Task details:
Nothing outside the range below should be printed. Output exactly the lines from the line with "The U.S. Corps" to the line with "一大早,学校铲雪车便开始对主", both included.

──────── Data for review ────────

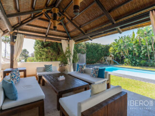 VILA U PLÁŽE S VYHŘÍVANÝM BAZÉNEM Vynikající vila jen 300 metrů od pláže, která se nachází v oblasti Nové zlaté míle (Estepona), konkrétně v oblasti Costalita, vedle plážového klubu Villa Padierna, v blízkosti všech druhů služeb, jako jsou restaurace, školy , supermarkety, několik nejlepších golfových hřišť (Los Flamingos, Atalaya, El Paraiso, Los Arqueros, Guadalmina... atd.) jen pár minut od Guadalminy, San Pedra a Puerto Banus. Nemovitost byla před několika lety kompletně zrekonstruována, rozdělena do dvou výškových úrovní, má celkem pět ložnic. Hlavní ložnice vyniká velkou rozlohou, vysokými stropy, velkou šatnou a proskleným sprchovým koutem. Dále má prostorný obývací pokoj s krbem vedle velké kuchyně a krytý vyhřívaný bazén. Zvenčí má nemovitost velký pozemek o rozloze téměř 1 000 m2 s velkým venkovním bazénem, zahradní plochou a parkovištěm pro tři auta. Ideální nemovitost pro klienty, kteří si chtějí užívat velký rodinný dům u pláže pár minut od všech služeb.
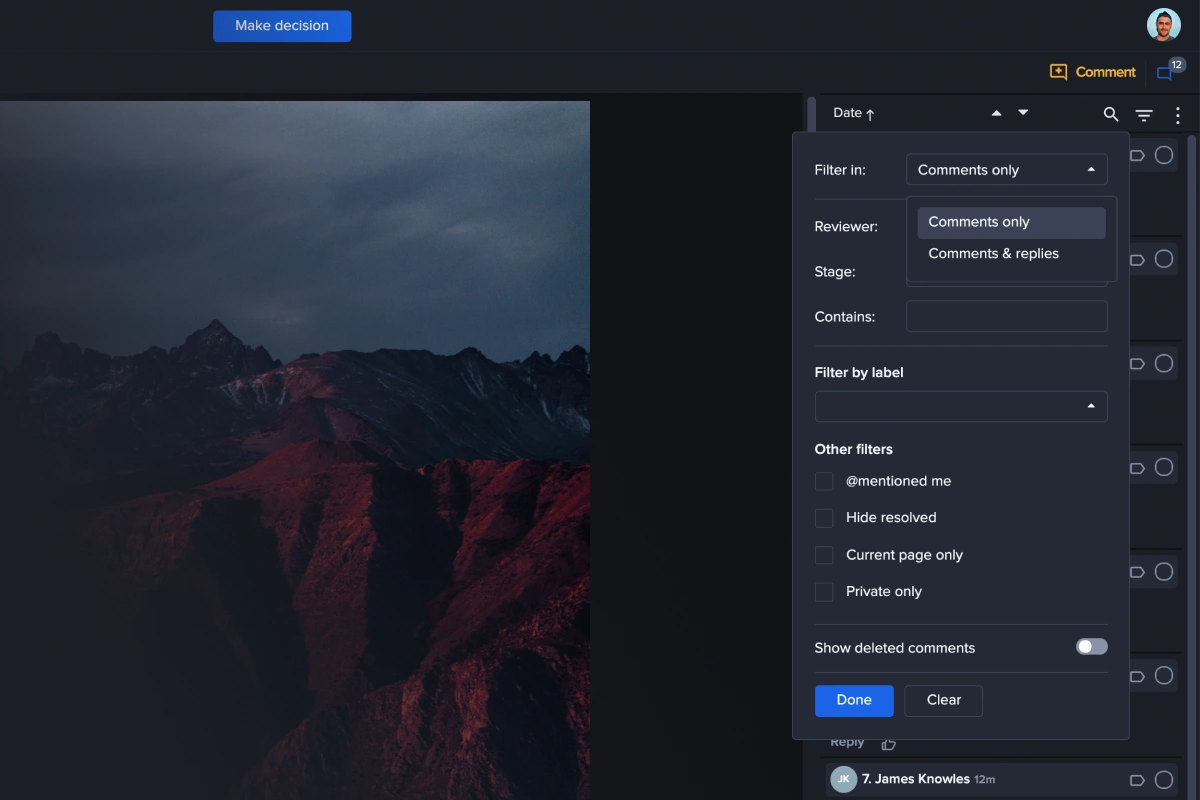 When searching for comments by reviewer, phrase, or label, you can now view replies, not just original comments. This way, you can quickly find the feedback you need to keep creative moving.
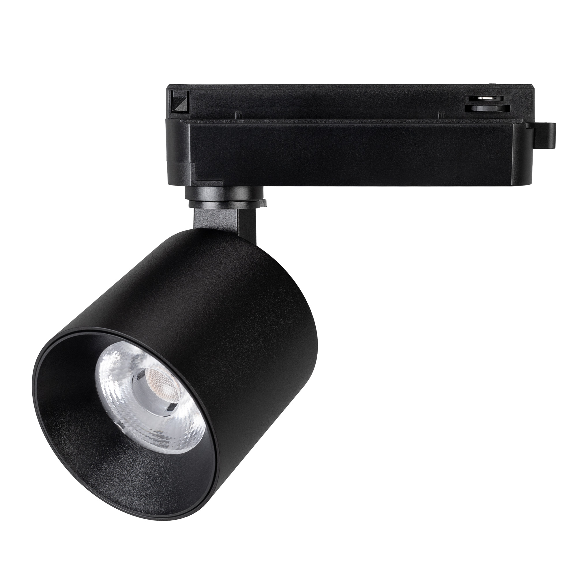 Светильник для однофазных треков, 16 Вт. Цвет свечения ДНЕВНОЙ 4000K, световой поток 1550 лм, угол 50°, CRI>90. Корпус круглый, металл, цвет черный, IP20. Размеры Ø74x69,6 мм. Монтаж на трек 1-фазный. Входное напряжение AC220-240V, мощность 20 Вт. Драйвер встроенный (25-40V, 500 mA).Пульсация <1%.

────────
──────── Data for review ────────

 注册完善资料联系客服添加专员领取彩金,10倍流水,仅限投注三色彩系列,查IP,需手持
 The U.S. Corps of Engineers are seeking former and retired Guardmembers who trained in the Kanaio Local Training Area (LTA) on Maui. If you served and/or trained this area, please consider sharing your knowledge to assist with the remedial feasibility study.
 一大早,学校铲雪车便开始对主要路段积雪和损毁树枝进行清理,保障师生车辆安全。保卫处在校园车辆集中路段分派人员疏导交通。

────────

Response box:
 The U.S. Corps of Engineers are seeking former and retired Guardmembers who trained in the Kanaio Local Training Area (LTA) on Maui. If you served and/or trained this area, please consider sharing your knowledge to assist with the remedial feasibility study.
 一大早,学校铲雪车便开始对主要路段积雪和损毁树枝进行清理,保障师生车辆安全。保卫处在校园车辆集中路段分派人员疏导交通。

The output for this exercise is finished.